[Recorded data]

□ □ □

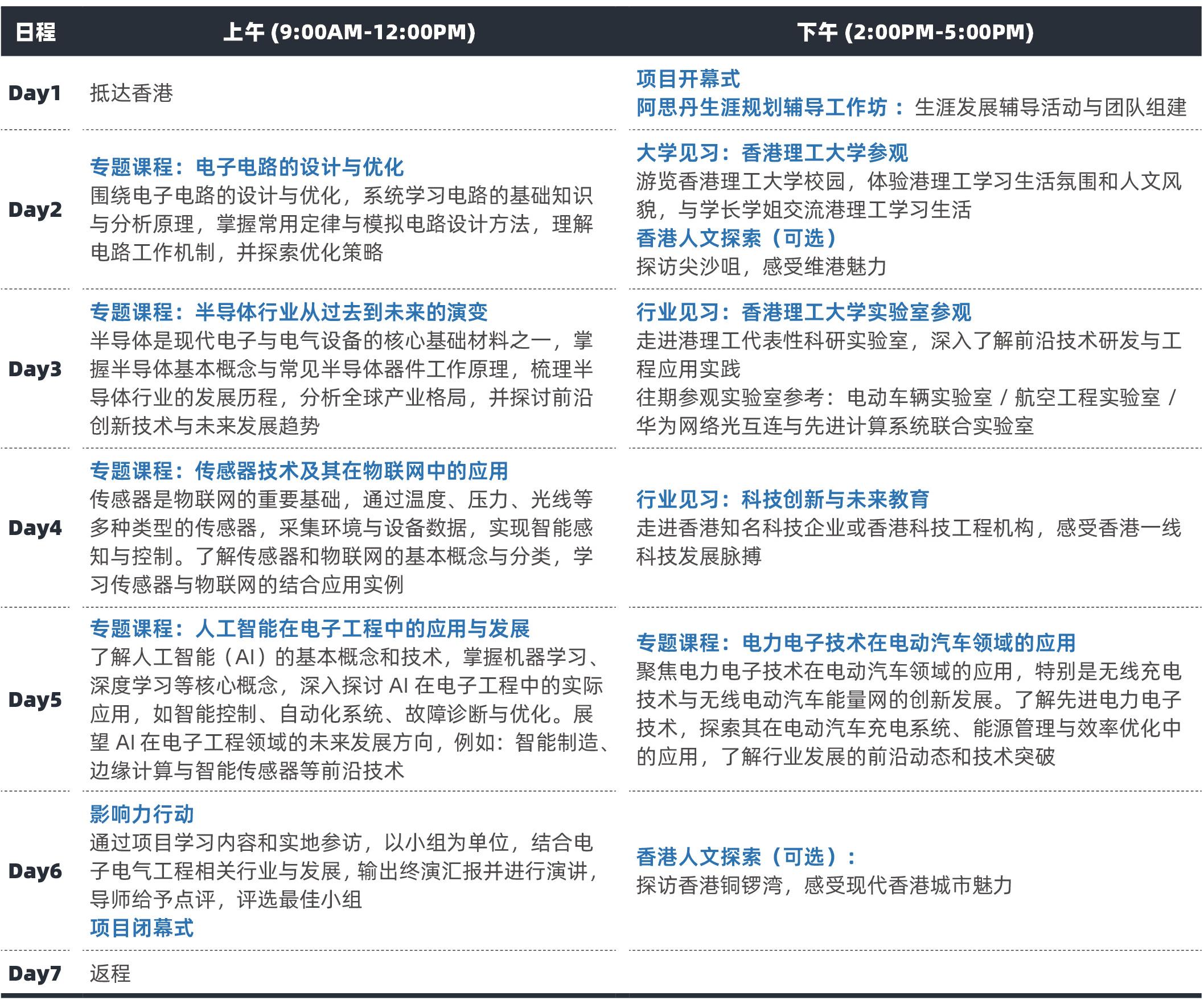 电子电气工程(EEE)是研究电能的生成、传输、控制与应用的学科,也是工程类专业中是最大的领域之一,它在能源、电力、通信、自动化、消费电子、航空航天等行业中有广泛应用,推动着 5G、物联网、智能制造等新兴技术的发展。项目聚焦电子电气工程专业,帮助学生搭建从基础理论到前沿技术的认知框架。课程内容围绕电子电气工程核心领域展开,从基础电子电路设计到其核心材料之一半导体的概念与发展,分析人工智能如何赋能电子工程领域,及电动汽车行业中的创新应用。项目还将带领学生走进香港理工大学的前沿实验室,走访香港知名科技企业或机构,近距离了解行业技术转化、产品研发及企业运作等实际情况。通过理论学习、行业剖析与实地参访相结合的方式,系统梳理电子电气工程专业的学习方向与职业发展路径。参与同学将获得香港理工大学校级研究中心的参训证书以及 UCAS 官方推荐的 ASDAN“职业发展与生涯能力规划”证书,优秀同学将收获香港理工大学导师签发的推荐信,助力大学申请。
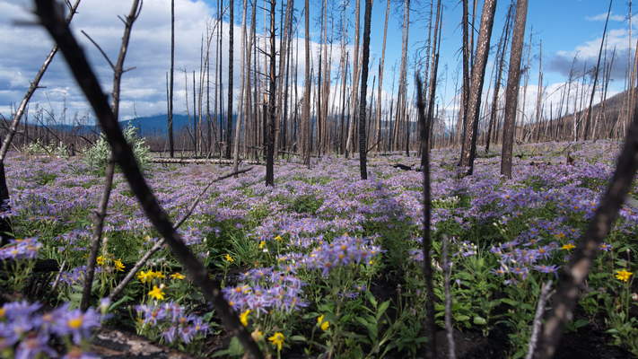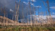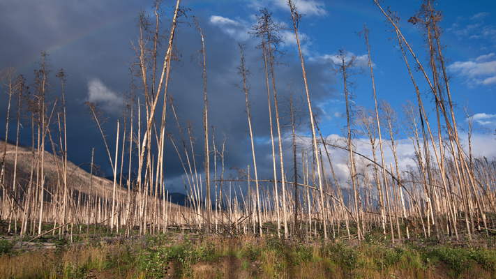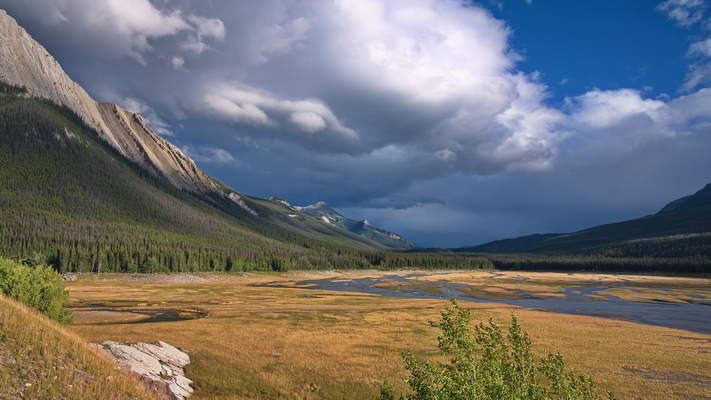 Dann fahre ich wieder zurück und weiter zu meinem eigentlichen Ziel, dem Maligne Lake, auf dem ich eine Bootstour zur berühmten Spirit Island gebucht habe. Als ich auf die Straße zum See abbiege, mache ich einen Stopp am Maligne Outlook und schaue hinunter in das Athabasca-River-Tal, in dem auch Jasper liegt. Der Ausblick ist ungetrübt, da der Waldbrand von letztem Jahr hier alles niedergebrannt hat und sich auch das Wetter aufgeklart hat. Das ist auch der Grund, warum man den Maligne Canyon nicht besichtigen kann. Nach einem kurzen Überblick fahre ich weiter und komme am Medicine Lake vorbei. Der Blick über den See ist gar nicht so spektakulär, dafür aber sein stark schwankender Wasserspiegel. Denn er ist sozusagen undicht und verliert große Mengen an Wasser am Grund in das Karstgestein, so dass im Winter durch abfließendes Wasser der See fast leerläuft und im Frühjahr und Sommer sich der Wasserstand erhöht, weil mehr zu- als durch die „Löcher“ abfließt. Also das gleiche Prinzip wie bei der Donauversickerung.
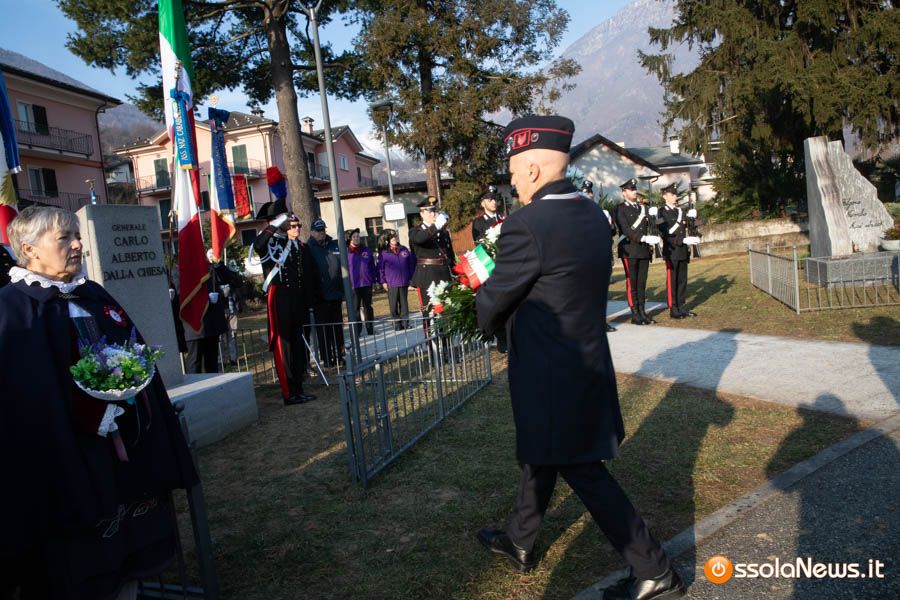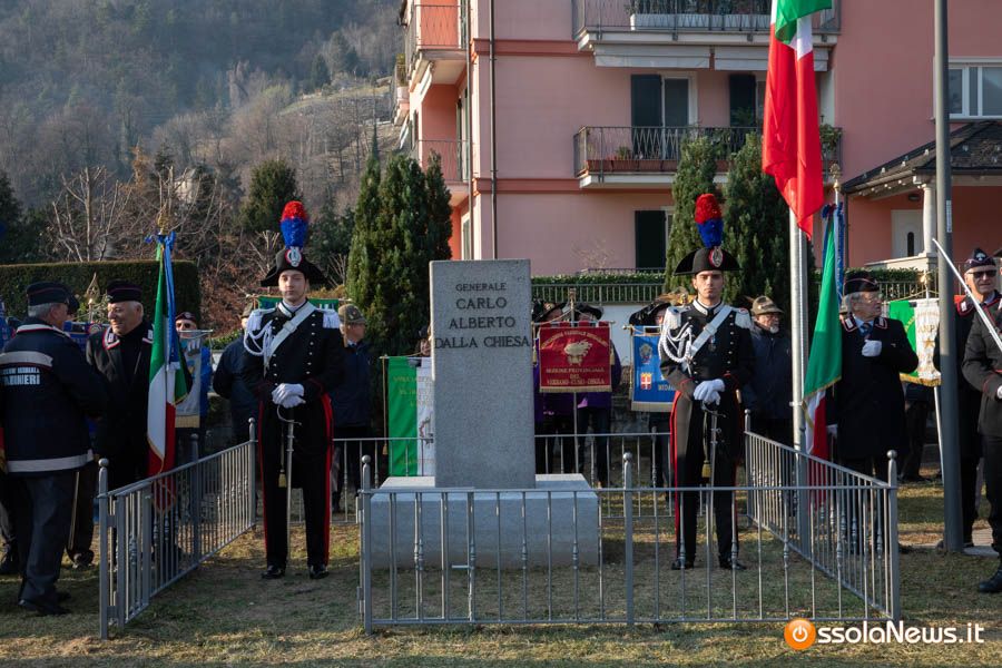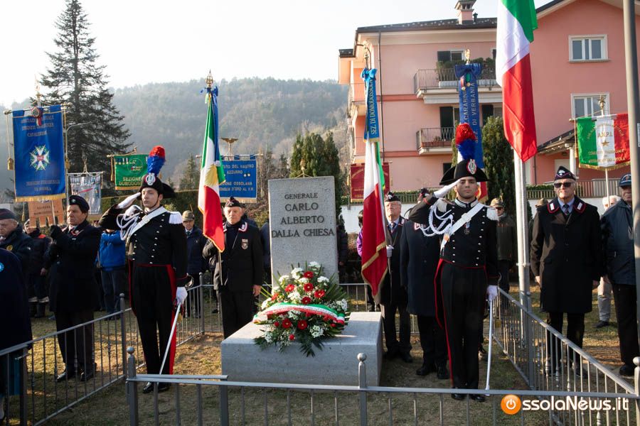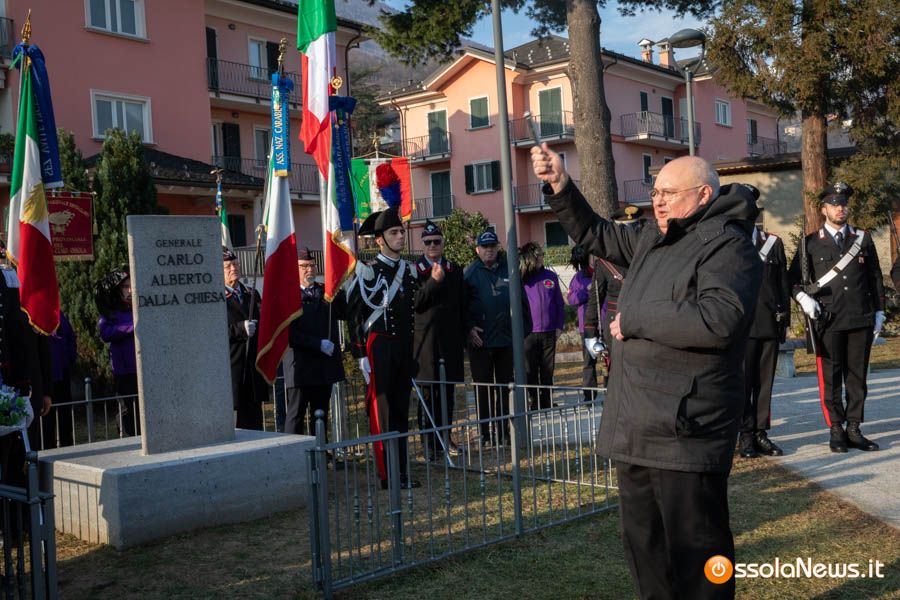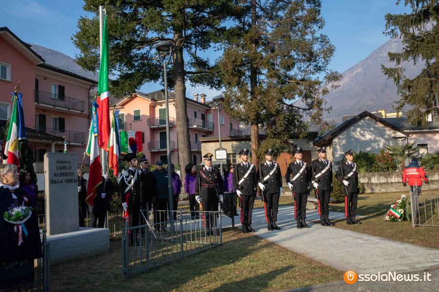 Tanta gente, molti studenti, componenti di associazioni e forze dell’ordine hanno partecipato stamattina alla cerimonia ufficiale che ha visto anche gli interventi del tenente colonnello Giovanni Della Sala del comando carabinieri di Verbania, del viceprefetto Giorgio Orru e del brigadiere in pensione Cataldo Santoro, che per un periodo fece da scorta al generale Dalla Chiesa.
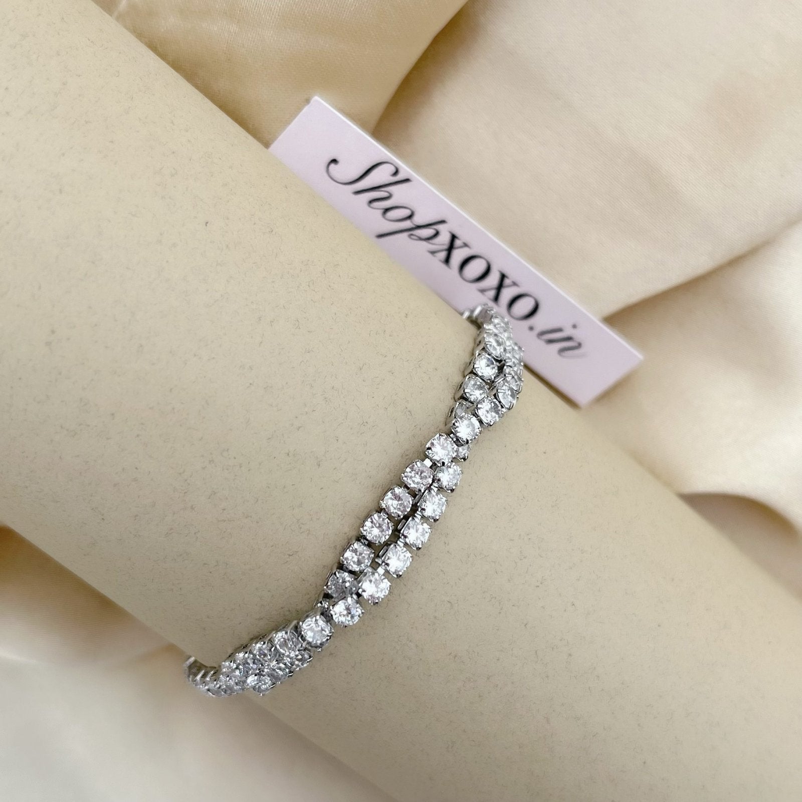 Add a beautiful twist to your look with our dazzling stunner . (Silver)
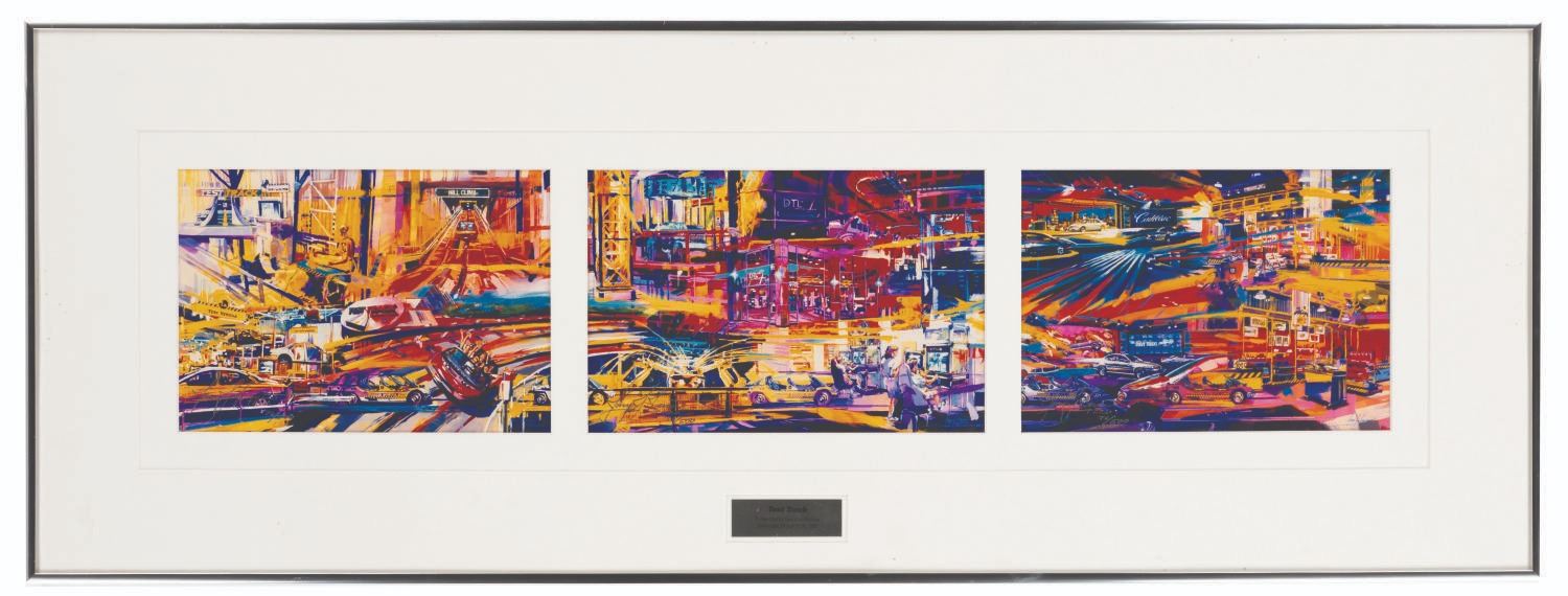 (Epcot, 1999) A print set of the three Test Track Murals painted for the General Motors Pavilion at Epcot’s Future World. Each print is signed and numbered 76/500 by the artist Tony J. Warren. Measuring 14.75" x 40.25" framed overall, with matte openings of 6.75" x 10.5" each, the piece displays in fine condition with small bits of debris under the plexiglass.
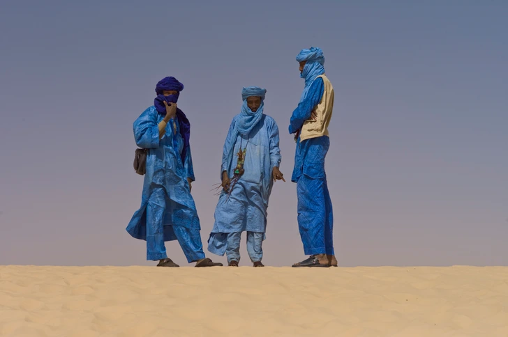Tuareg culture is embodied in their oral traditions, music that tells stories of the desert and unity, elaborate craftsmanship, and elegant clothing. Tuareg are known for wearing the tagelmust (indigo blue scarf), which covers the face except for the eyes. This scarf is believed to provide protection from the desert sand and sun and also carries social and spiritual significance. Unlike many other cultures, only men wear the veil. The indigo colour gives them the nickname “Blue People”.
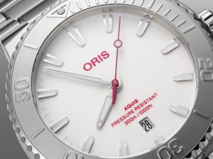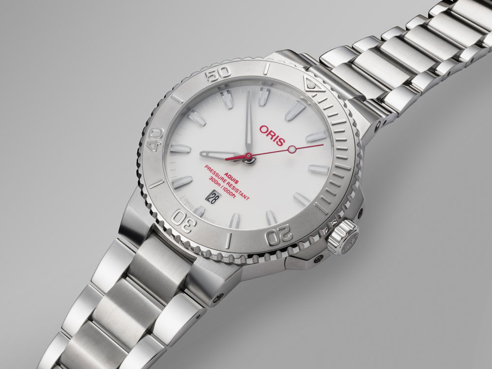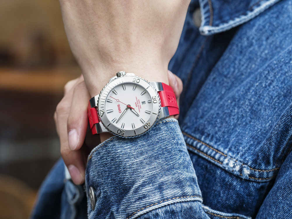 オリスでは初となる日本国内限定モデル。2025年にモデルチェンジを果たしたニューアクイスをベースに、純白のダイヤルに赤いロゴと秒針を採用しました。白と赤は日本とスイス両国の国旗の色でもあり、スイス時計の卓越した技術とオリスが日本文化に寄せる敬意が表現されています。ベースモデルとなったニューアクイスは基本的なスタイルで既存モデルを踏襲しながらも、ケース、ブレス、ダイヤル、針などのディテールが徹底的にブラッシュアップされ、都会的なダイバーズウォッチとしてよりスマートでとスタイリッシュな印象に仕上がっています。限定モデル特典としてSSブレスに加えレッドラバーストラップが付属。クイックチェンジシステムが採用されているので、工具なしでワンタッチでの付け替えが可能です。限定数は100本のみでシリアルナンバー入り。当店への入荷も1本のみとなります。
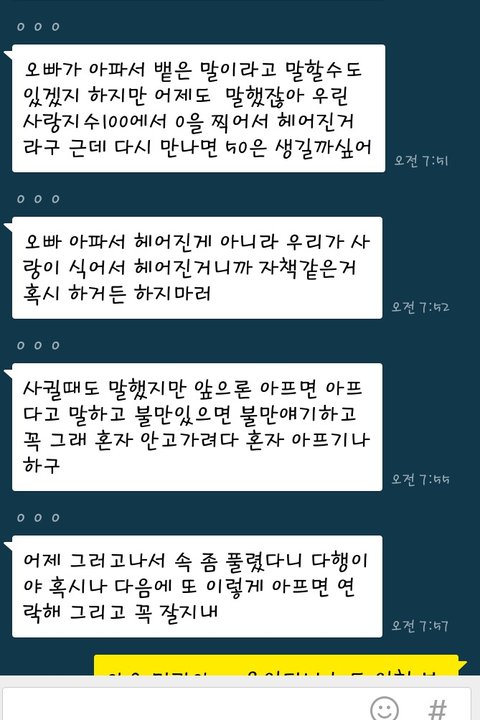다음날이 되고 저는 그녀에게 연락해 다시 만나자고 했습니다. 그녀가 알겠다고 할줄알았지만 대답은 아직은 힘들것 같다였어요. 힘들었데요 한달동안 자기는 무덤덤해지고 정리를 했다네요. 오빠가 아파서 해어진게 아니라 사랑이 식어져서 헤어진거다 나에게 미안해 하지말라고 자기는 잘지내고 있다고 ...저는 할말을 잃고 아무 대답을 못하고있었습니다.

□ □ □

▶ [Task prompt] Your answer must be the exact lines from the records above, from the one containing "(Epcot, 1999) A" through the one containing "Tuareg culture is", both included, with every picture left out.

▶ [Your response]
 (Epcot, 1999) A print set of the three Test Track Murals painted for the General Motors Pavilion at Epcot’s Future World. Each print is signed and numbered 76/500 by the artist Tony J. Warren. Measuring 14.75" x 40.25" framed overall, with matte openings of 6.75" x 10.5" each, the piece displays in fine condition with small bits of debris under the plexiglass.
Tuareg culture is embodied in their oral traditions, music that tells stories of the desert and unity, elaborate craftsmanship, and elegant clothing. Tuareg are known for wearing the tagelmust (indigo blue scarf), which covers the face except for the eyes. This scarf is believed to provide protection from the desert sand and sun and also carries social and spiritual significance. Unlike many other cultures, only men wear the veil. The indigo colour gives them the nickname “Blue People”.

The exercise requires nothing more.